» Exercise aim:
Exactly as written, set down the lines from the top of the entries through the line bearing "丁沙季さんの総運は18画の4点!", with every picture left out.

» Entries supplied:
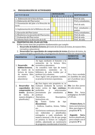 El documento presenta un plan lector para el quinto grado de una institución educativa. Incluye una línea base diagnóstica, objetivos, programación de actividades, estrategias y selección de textos. El plan busca desarrollar hábitos lectores en los estudiantes y mejorar su comprensión lectora a través de la lectura regular de textos seleccionados y actividades como cuentacuentos.
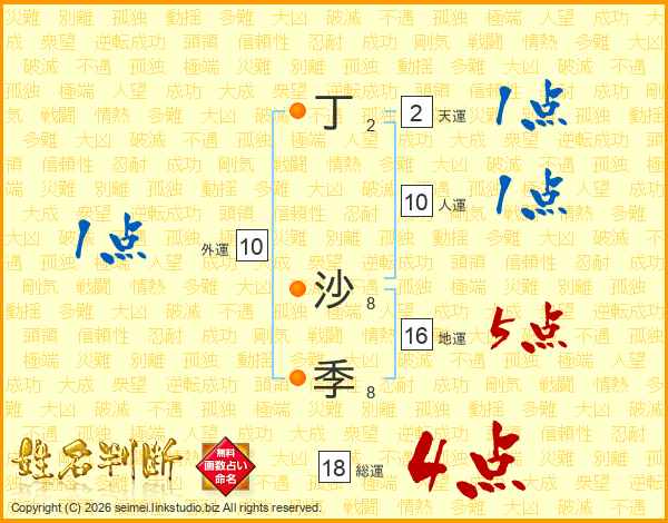 丁沙季さんの総運は18画の4点!
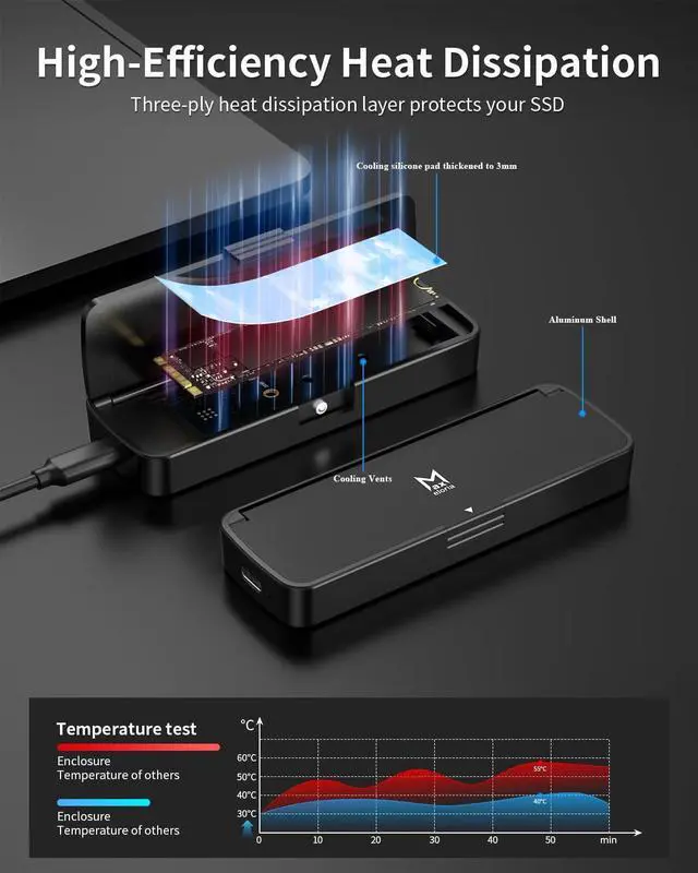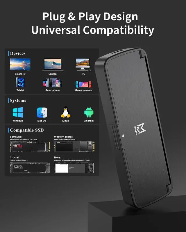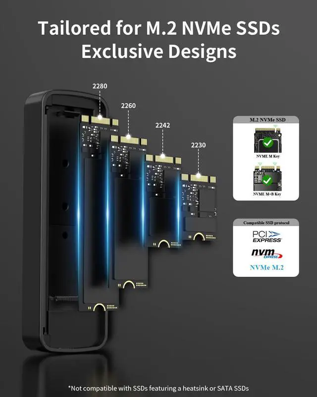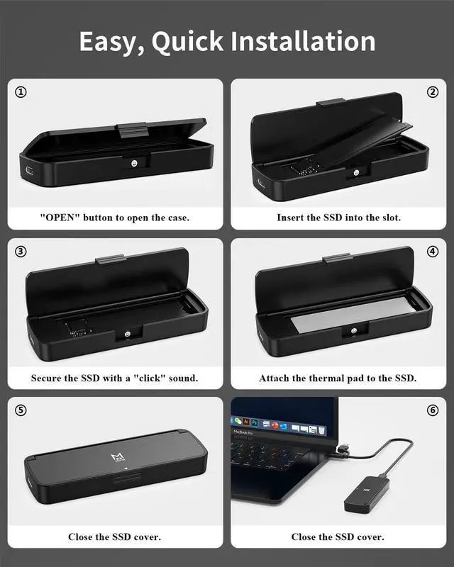 Prior to connection, open the product casing to check if the metal contacts of the hard drive are fully inserted into the slot. Note that this product only supports the NVMe single protocol; hard drives with the SATA protocol are not recognizable and cannot be used with it.
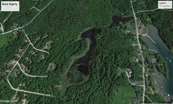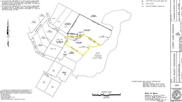 Est $776/moThis 2.68 acre parcel has 437' of waterfront on the Ice Pond in Boothbay. Great Blue Herons, deer, and lots of wildlife enjoy this pond making this a pretty spot to sit by the shore and watch nature. The building site is back from the pond offering a wooded location for privacy. Recently surveyed with the building envelope shown, soils tested, with power at the road, this lot is ready for construction.
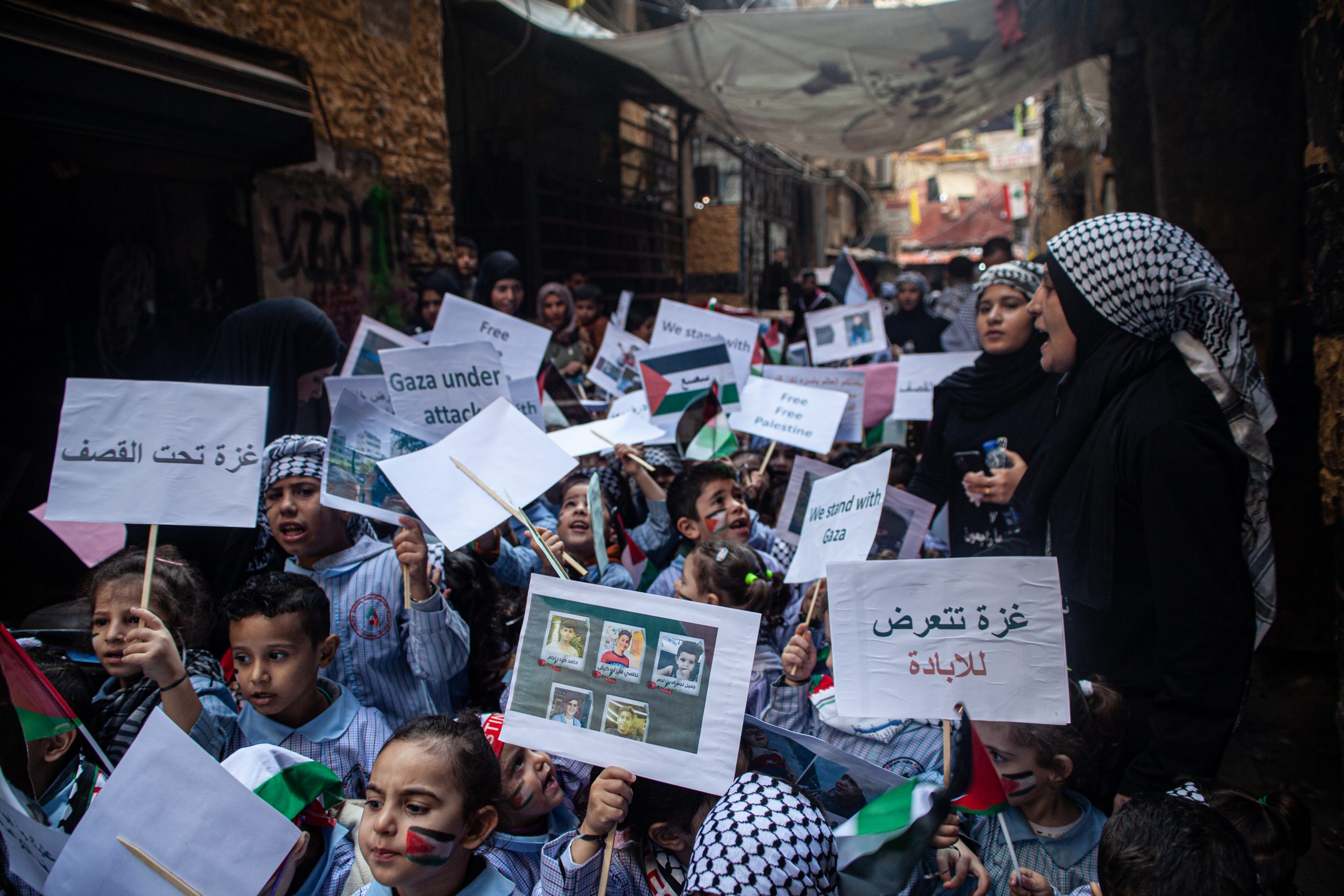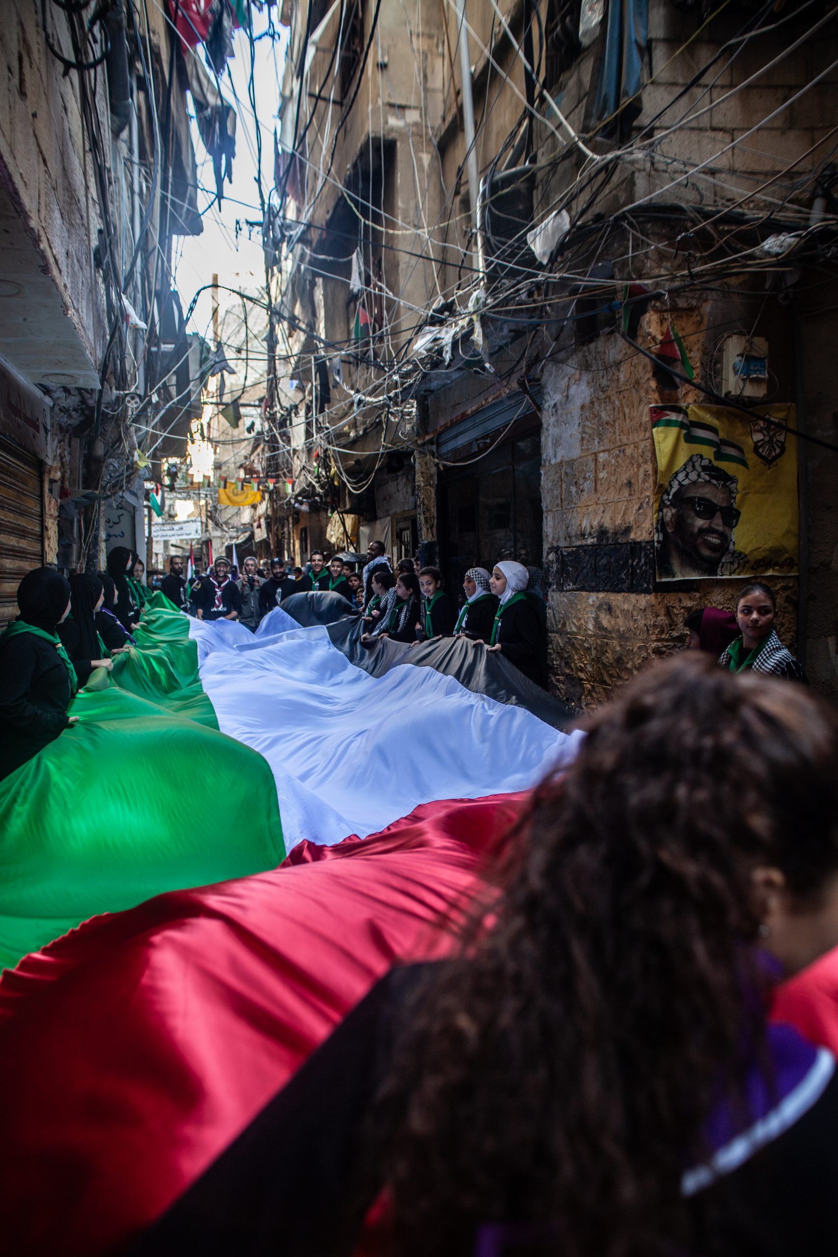 « Toufan al aqsa » (le déluge d’al Aqsa), nom donné à l’opération militaire du Hamas lancée le 7 octobre, a bouleversé les rapports de forces qui existaient entre les trois principaux groupes palestiniens. L’attaque du Hamas a permis à ce parti islamique de gagner un important soutien au sein de la population palestinienne. Le Fatah, parti séculaire, qui règne d’une main de fer sur la Cisjordanie, depuis que le Hamas lui a ravi la bande de Gaza, est en perte de popularité. Une partie de la population lui reproche sa corruption, son manque de succès diplomatique et son inaction militaire. « Les jeunes sont en effervescence. Regardez-les enfants, filles comme garçons jouent à la guerre. Les jeunes, qui n’ont pas de futur et qui se sentent abandonnés, voulaient de l’action », explique Mohammad, un survivant du massacre de Sabra Chatila en 1982. La population palestinienne est très jeune. L’âge médian à Gaza et en Cisjordanie est de vingt ans environ. Une part significative de ces jeunes qui ont grandi sous embargo et/ou sous l’occupation avec peu d’espoir dans l’avenir, dans la précarité économique et pour certains élevés dans la culture de la revanche sur Israël voulaient que les choses changent. Aujourd’hui une part non négligeables des Palestiniens considère le Fatah comme le parti de la compromission et le Hamas comme le parti de l’action. Un professeur encadrant la manifestation des enfants déclare, face caméra « Je suis depuis toujours un militant du Fatah. Mais depuis le 7 octobre, je soutiens le Hamas ». Sur les murs du camp de Chatila, le vert du Hamas remplace peu à peu le jaune du Fatha.

» Answer to this task:
 El documento presenta un plan lector para el quinto grado de una institución educativa. Incluye una línea base diagnóstica, objetivos, programación de actividades, estrategias y selección de textos. El plan busca desarrollar hábitos lectores en los estudiantes y mejorar su comprensión lectora a través de la lectura regular de textos seleccionados y actividades como cuentacuentos.
 丁沙季さんの総運は18画の4点!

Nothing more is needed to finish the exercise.